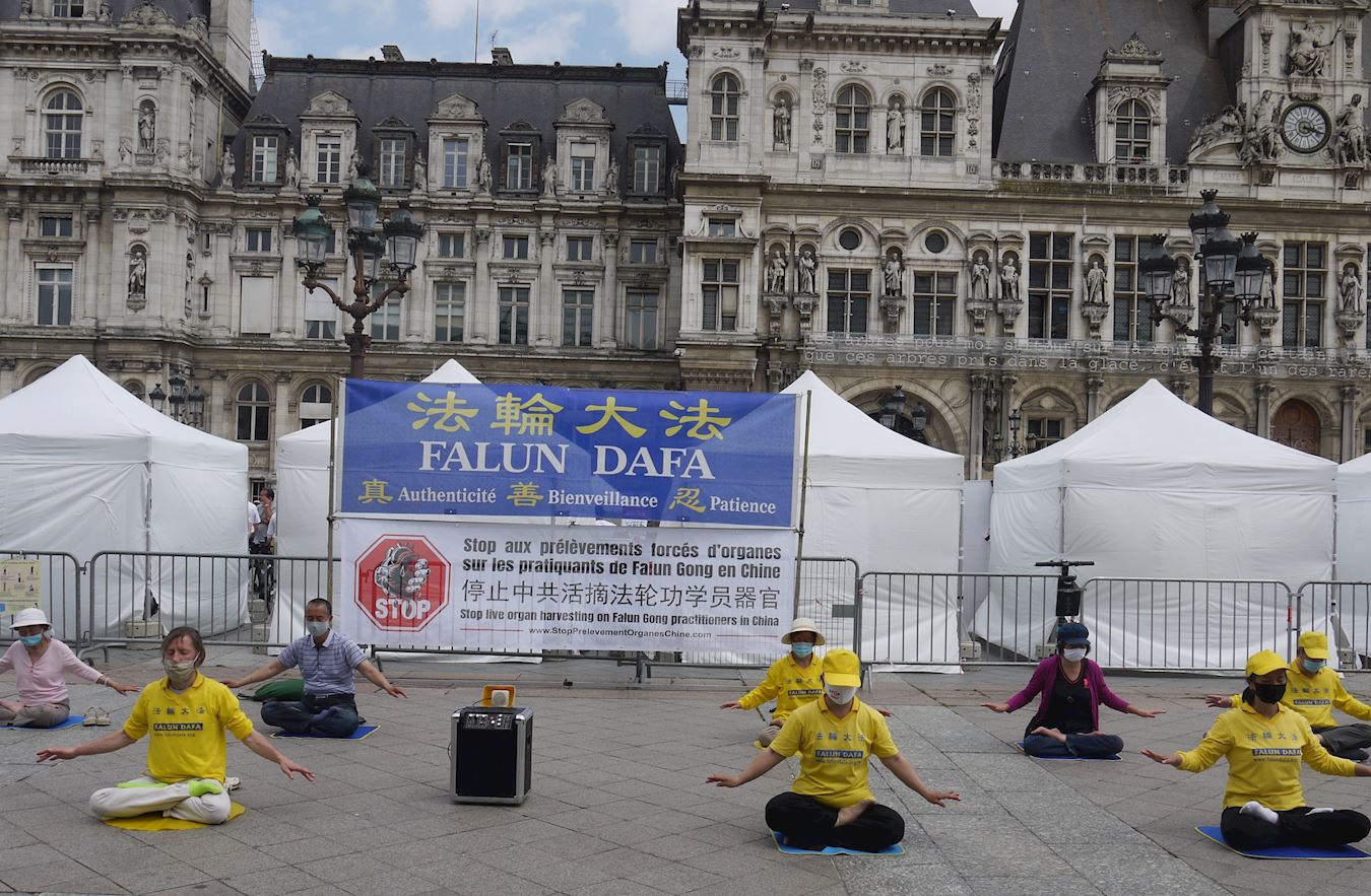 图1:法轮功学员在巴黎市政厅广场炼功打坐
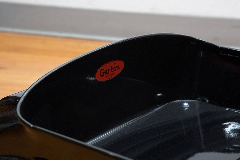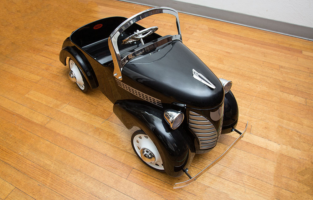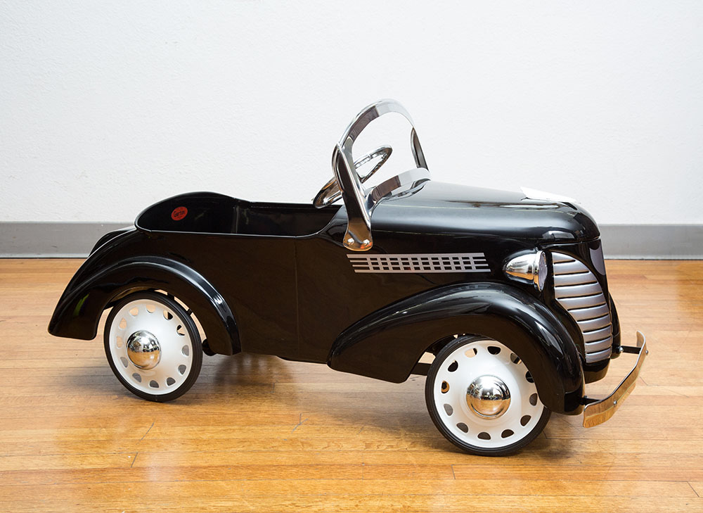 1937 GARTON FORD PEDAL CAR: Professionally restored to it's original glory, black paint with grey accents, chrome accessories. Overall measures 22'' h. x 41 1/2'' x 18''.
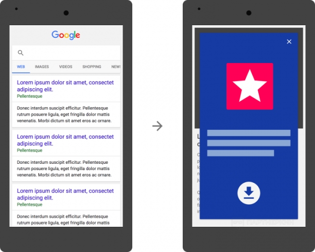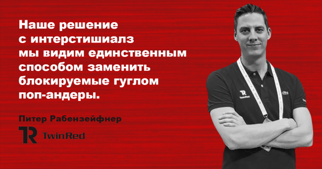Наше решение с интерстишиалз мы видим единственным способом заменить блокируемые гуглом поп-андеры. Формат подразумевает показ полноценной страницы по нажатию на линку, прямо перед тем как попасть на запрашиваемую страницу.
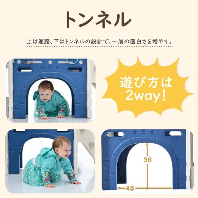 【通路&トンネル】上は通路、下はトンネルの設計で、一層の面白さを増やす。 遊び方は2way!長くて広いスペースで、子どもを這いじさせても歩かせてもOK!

----------------

● **Action item**
Return exactly the stretch above whose first line contains "1937 GARTON FORD" and whose last line contains "Наше решение с", and nothing outside it. The pictures should not appear.

● **Written answer**
 1937 GARTON FORD PEDAL CAR: Professionally restored to it's original glory, black paint with grey accents, chrome accessories. Overall measures 22'' h. x 41 1/2'' x 18''.
Наше решение с интерстишиалз мы видим единственным способом заменить блокируемые гуглом поп-андеры. Формат подразумевает показ полноценной страницы по нажатию на линку, прямо перед тем как попасть на запрашиваемую страницу.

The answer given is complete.